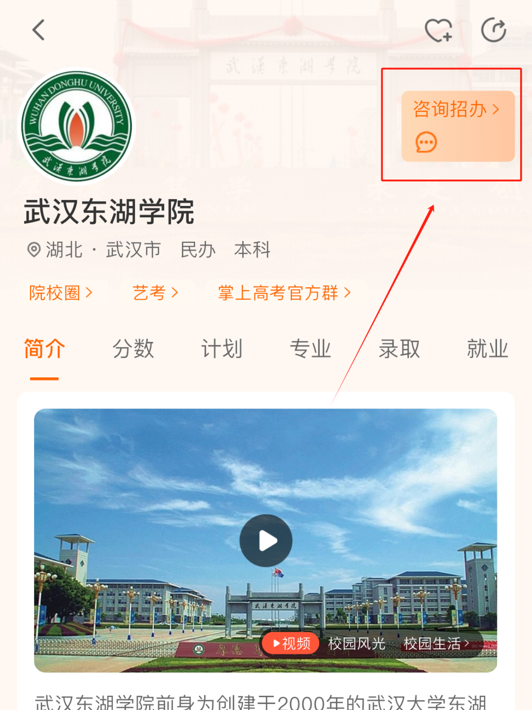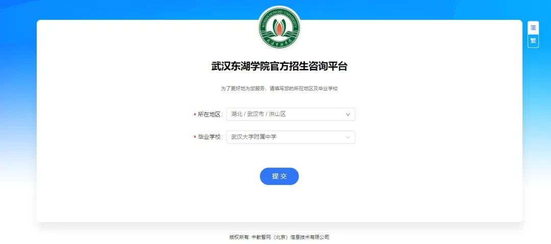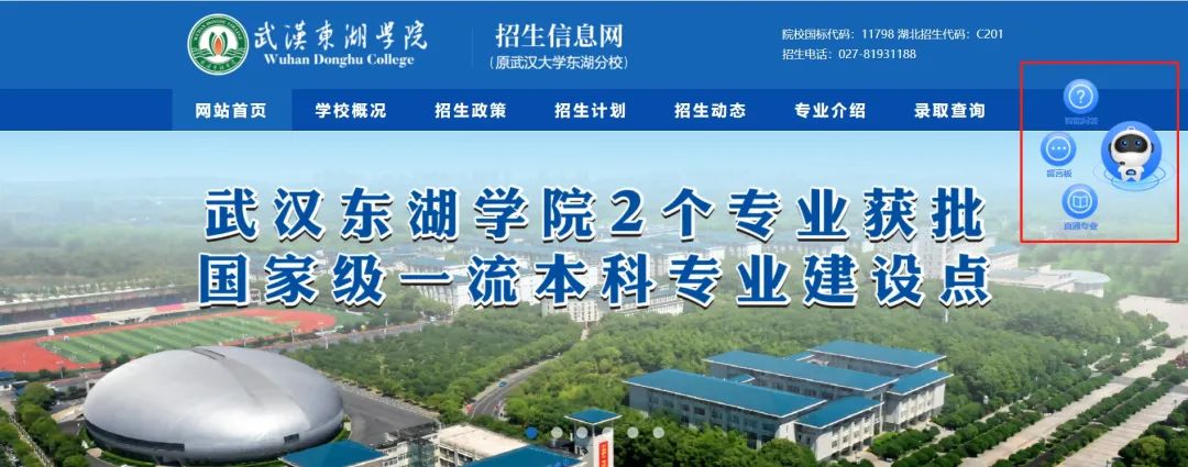 在武汉东湖学院招生信息网点击右侧“智能机器人小E”,在登录界面完善基础信息后即可在线咨询或留言。
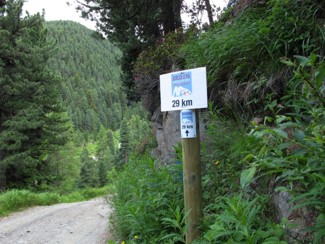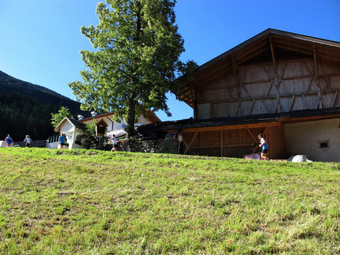 Nicht schlimm, ich sag’s nur. Man hat 8 Stunden Zeit und das sollte genügen, auch wenn man wie ich dauernd was zum Fotografieren entdeckt. Hinunter zum Drockerhof und weiter nach St. Georgen (km 19,2 – 1504 m) kann man es wieder mal rollen lassen, verliert aber auch einige Höhenmeter. Zum ersten Mal sieht man die Spitzen der Geisler, die man in Aferer und Villnösser Geisler unterscheidet. Gleich kommt auch der Peitlerkofel (2875 m) zum Vorschein. Er ziert das Logo des Brixen Dolomiten Marathon. Hier überqueren wir die Verkehrsstraße, die zum Kreuztal und zum Würzjoch führt. Wenig oberhalb liegt Palmschoß, wo man in den 1950er Jahren eine Mineralquelle entdeckte. Heute wird das Plose-Mineralwasser in ganz Südtirol ausgeschenkt. In Palmschoß ist auch das von mir gelobte Hotel.
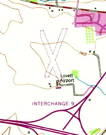 The 1953 USGS topo map depicted Lovett Airport as having 2 unpaved runways, with several buildings on the south side.
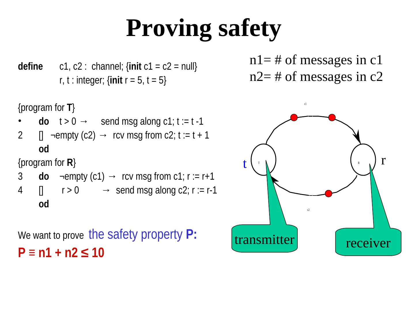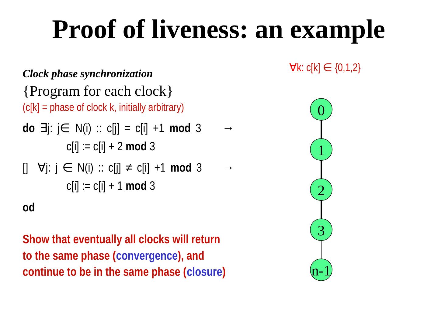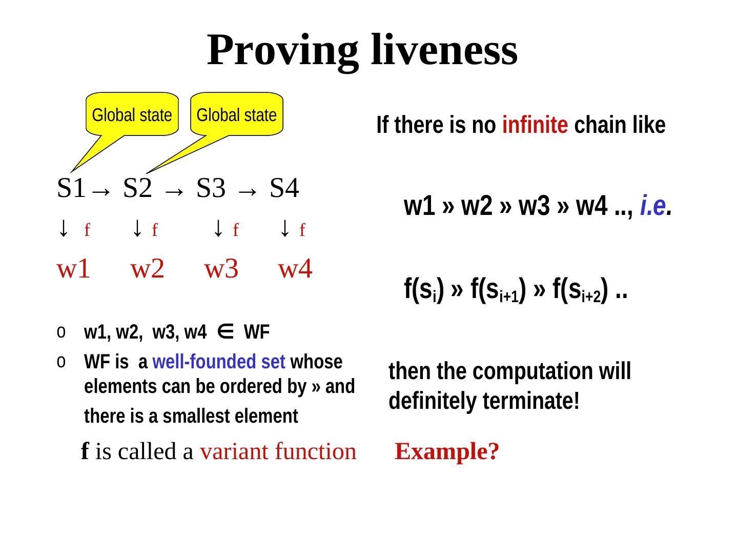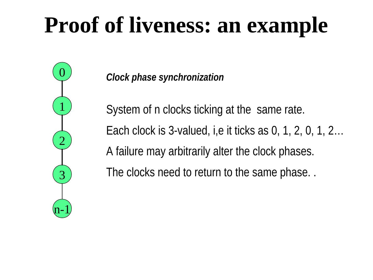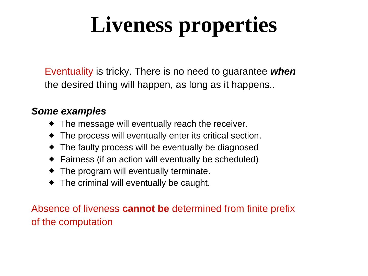 29 . Liveness properties Eventuality is tricky. There is no need to guarantee when the desired thing will happen, as long as it happens.. Some examples The message will eventually reach the receiver. The process will eventually enter its critical section. The faulty process will be eventually be diagnosed Fairness (if an action will eventually be scheduled) The program will eventually terminate. The criminal will eventually be caught. Absence of liveness cannot be determined from finite prefix of the computation
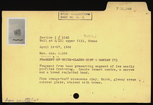 Description:   Fragment from base preserving segment of low neatly profiled foot ring. Inside toward center, a narrow and a broad rouletted band.

--*--

# [Task requirements]
Set down all entries above again, exactly, without images.

# [Task response]
 在武汉东湖学院招生信息网点击右侧“智能机器人小E”,在登录界面完善基础信息后即可在线咨询或留言。
 Nicht schlimm, ich sag’s nur. Man hat 8 Stunden Zeit und das sollte genügen, auch wenn man wie ich dauernd was zum Fotografieren entdeckt. Hinunter zum Drockerhof und weiter nach St. Georgen (km 19,2 – 1504 m) kann man es wieder mal rollen lassen, verliert aber auch einige Höhenmeter. Zum ersten Mal sieht man die Spitzen der Geisler, die man in Aferer und Villnösser Geisler unterscheidet. Gleich kommt auch der Peitlerkofel (2875 m) zum Vorschein. Er ziert das Logo des Brixen Dolomiten Marathon. Hier überqueren wir die Verkehrsstraße, die zum Kreuztal und zum Würzjoch führt. Wenig oberhalb liegt Palmschoß, wo man in den 1950er Jahren eine Mineralquelle entdeckte. Heute wird das Plose-Mineralwasser in ganz Südtirol ausgeschenkt. In Palmschoß ist auch das von mir gelobte Hotel.
 The 1953 USGS topo map depicted Lovett Airport as having 2 unpaved runways, with several buildings on the south side.
 29 . Liveness properties Eventuality is tricky. There is no need to guarantee when the desired thing will happen, as long as it happens.. Some examples The message will eventually reach the receiver. The process will eventually enter its critical section. The faulty process will be eventually be diagnosed Fairness (if an action will eventually be scheduled) The program will eventually terminate. The criminal will eventually be caught. Absence of liveness cannot be determined from finite prefix of the computation
 Description:   Fragment from base preserving segment of low neatly profiled foot ring. Inside toward center, a narrow and a broad rouletted band.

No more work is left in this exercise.